The old adage says a bird in the hand is worth two in the bush, but it seems Eurasian jays disagree: Researchers have found that corvids eschew an immediate reward for a tastier treat, but delayed.

Additionally, the team found that birds that showed the most self-control scored higher on a variety of cognitive tests, suggesting they were smarter.

Dr Alex Schnell, first author of the University of Cambridge study, said the relationship had already been seen in chimpanzees and cuttlefish – species that diverged a long time ago.

“For the first time, we show a link between self-control and intelligence in birds,” Schnell said. “Our research provides further evidence that self-control plays a key role in what it means to be smart.”

Writing in the Royal Society B journal Philosophical Transactions, Schnell and colleagues report how 10 Eurasian jays were presented with a series of drawers with a different symbol on the front. Each contained a treat that was visible to the bird.

Over a series of trials, the birds learned the symbols related to the availability of the treat in the drawer – while one drawer offered an immediately available treat, the contents of another drawer were only available after a delay and those in a third drawer remained unavailable. The birds also learned that once they chose a treat, the other options were removed.

After determining each bird’s treat preferences, the team investigated whether, and for how long, the birds were willing to wait for a “late” drawer worm when a less preferred snack, either bread or cheese, was immediately available.

The experiments are similar to the so-called “marshmallow test” – a famous challenge presented to young children by Stanford University researchers in the 1960s and 70s, in which children were given a choice of a single marshmallow immediately or two sweet treats. whether they resisted the urge to eat first for a given period.

The results of the new study reveal that while the birds varied in how long they were willing to wait, all delayed eating the immediate snack in hopes of something better. However, the birds seemed to find the wait more difficult as the delay increased.

“Some only waited a maximum of 20 seconds and failed all other trials with longer delays. In contrast, others waited up to five and a half minutes,” Schnell said.

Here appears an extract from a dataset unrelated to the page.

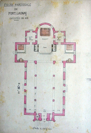 Plan au sol. Dessin de Joseph Bigot, 1855 (A. E. Quimper, 8 L)Immatriculation

The team adds that the birds showed few signs of expectation when the tastiest treat was presented in the “unavailable” drawer, suggesting they only delayed gratification when it was worthwhile.

While other birds, including pigeons, have already passed versions of the marshmallow test, the latest study goes further, revealing that jays that were able to wait longer showed better general intelligence, as determined by five different cognitive tests.

Schnell noted that studies in humans had previously suggested a link between self-control and general intelligence. However, recent research has questioned the strength of findings suggesting that children who are more patient in the marshmallow test do better later in life, with the association being significantly weakened once factors such as family history, early cognitive abilities and home environment are taken into account. Account.

Dr Manon Schweinfurth, an animal behavior expert from the University of St Andrews who was not involved in the work, welcomed the new study, noting that the results suggest that self-control and cognition are linked in birds.

“This suggests that self-control and cognition are linked. Indeed, the same link has also been found in children,” she said.

Schweinfurth added that, since birds are only so distant from us and other primates, the results suggest that either the link between self-control and cognition is more universal or has evolved multiple times.

“Future studies are needed to understand the evolutionary origins of this link and whether the link between self-control and cognition is limited to spatial cognition or could be extended to other cognitive skills, such as social skills,” she said.